Les négociations étaient terminées depuis plusieurs semaines mais l'accord inter-gouvernemental entre la France et le Pérou devait être encore affiné et finalisé. Lima tenait beaucoup à un tel accord afin d'obtenir la garantie de la France. Ce qui est désormais le cas et ouvre ainsi la voie à une signature. Les visites du secrétaire d'Etat à la défense, Kader Arif, puis celle du ministre, Jean-Yves Le Drian, en novembre 2013, ont permis de faire avancer un dossier difficile. A l'occasion de la venue de Jean-Yves Le Drian, plusieurs accords en matière de sécurité et de défense ont d'ailleurs été signés entre la France et le Pérou. 

 

Airbus Space Systems face... à sa filiale SSTL

Pour remporter cette commande, Airbus Space Systems a dû affronter les israéliens d'Israel Aircraft Industries (IAI) et... sa filiale britannique Surrey Satellite Technology Ltd (SSTL). Détenue à 99 % par Airbus Space Systems, SSTL a été autorisé à faire une offre concurrente, ces offres étant souvent complémentaires à celles de sa maison mère. "On laisse SSTL vivre sa vie", explique-t-on dans le groupe.
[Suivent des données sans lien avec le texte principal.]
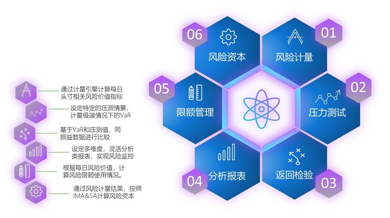 文思海辉·金融市场风险管理系统主要包括一个平台,两大模块,六大基础功能,通过定制开发快速满足监管要求。针对金融市场业务的特点以及市场风险计量的要求,公司搭建了包括数据集市与分析、市场风险计量两大模块的金融市场业务数据加工和分析平台,可整合成熟的风险计量引擎,计算每日相关风险价值指标;并设定压测情景,计量极端情况下的风险指标,测算最大的损失的可能性;基于风险指标计量结果,将同损益数据进行比较,检查风险计量模型的准确性;还可提供限额录入窗口,实现限额数据的系统化管理;对风险计量指标进行多维分析,定制相应的功能实现BI数据分析,包括数据录入、风险指标的多维灵活展示,还可自动生成经营分析类、监管类报表等各类风险报告。

La visite de Jean-Yves Le Drian avait été jugée "très positive", explique-t-on du côté des industriels, d'autant qu'elle coïncidait avec la remise des offres définitives. Airbus Space Systems avait ainsi réactualisé son offre. A l'image de Thales Alenia Space, le constructeur européen est également en piste en Colombie et en Bolivie, qui souhaitent également s'équiper de satellites d'observation.

Pourquoi le Pérou a besoin d'un satellite espion ?

Le Pérou, qui partage ses frontières avec cinq pays (Colombie, Équateur, Brésil, Bolivie et Chili) a besoin d'un satellite d'observation pour mieux surveiller l'intégrité de son territoire. Dans son collimateur : l'Équateur, avec lequel un conflit a éclaté en 1995 dans la haute vallée de la Cenepa, et le Chili, avec qui il a quelques litiges.

Ce satellite permettra également de surveiller des zones difficilement accessibles comme la Cordillère des Andes et la forêt amazonienne où des orpailleurs illégaux pullulent. La France a dit qu'elle apporterait son soutien au Pérou dans le cadre de la lutte contre les exploitations minières sauvages.

Enfin, ce satellite permettra de mieux combattre les narcotrafiquants, qui entretiennent des plantations de coca au Pérou, devenu le premier producteur mondial de cocaïne devant la Colombie, et enfin de mieux lutter contre le terrorisme du Sentier Lumineux.